Task instructions:
All of the data below should be repeated exactly. Pictures should not be included.

Information shown:
┄┄┄┄┄┄

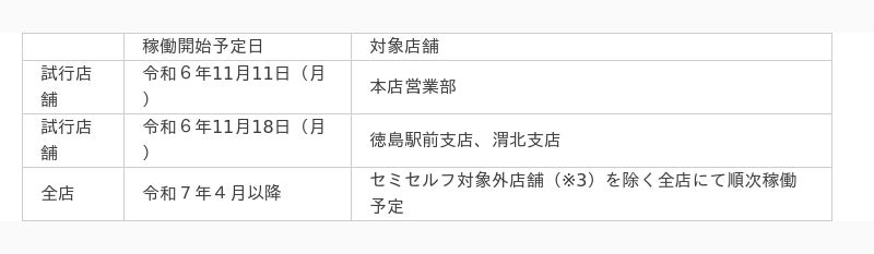 トモニホールディングスグループの徳島大正銀行(徳島市富田浜1丁目、頭取:板東 豊彦)は、お客さまへの更なる価値提供を目的に、お客さまの利便性向上を実現する新営業店システム(セミセルフ)を導入しますので、下記のとおりお知らせいたします。なお、窓口の金融専用端末を活用したセミセルフ方式は新たな取組みであり、当行及び株式会社日立製作所が共同で検討を進めてまいりました。
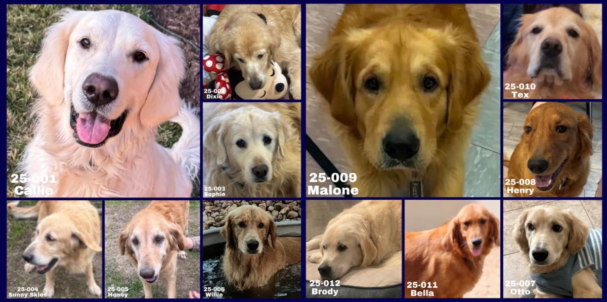 Please welcome Tex 25-010, an almost 8-year-old, who was rehomed to GRR due to changes in his previous owner’s situation so that he could no longer care for Tex. Tex is with his Hope to Adopt Family and we are excited to see him settle in and adjust to his life as a GRR Golden. Welcome to your new life Tex! | | |
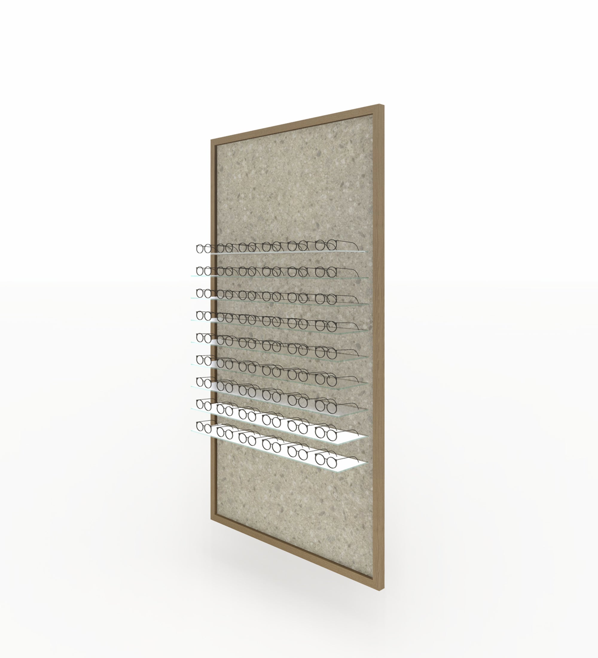 Wall panel with 9 continuous glass shelves for presenting your glasses/sunglasses. This panel has room for no fewer than 63 frames – ideal for presenting your high-end collection.

┄┄┄┄┄┄

Task solution:
 トモニホールディングスグループの徳島大正銀行(徳島市富田浜1丁目、頭取:板東 豊彦)は、お客さまへの更なる価値提供を目的に、お客さまの利便性向上を実現する新営業店システム(セミセルフ)を導入しますので、下記のとおりお知らせいたします。なお、窓口の金融専用端末を活用したセミセルフ方式は新たな取組みであり、当行及び株式会社日立製作所が共同で検討を進めてまいりました。
 Please welcome Tex 25-010, an almost 8-year-old, who was rehomed to GRR due to changes in his previous owner’s situation so that he could no longer care for Tex. Tex is with his Hope to Adopt Family and we are excited to see him settle in and adjust to his life as a GRR Golden. Welcome to your new life Tex! | | |
 Wall panel with 9 continuous glass shelves for presenting your glasses/sunglasses. This panel has room for no fewer than 63 frames – ideal for presenting your high-end collection.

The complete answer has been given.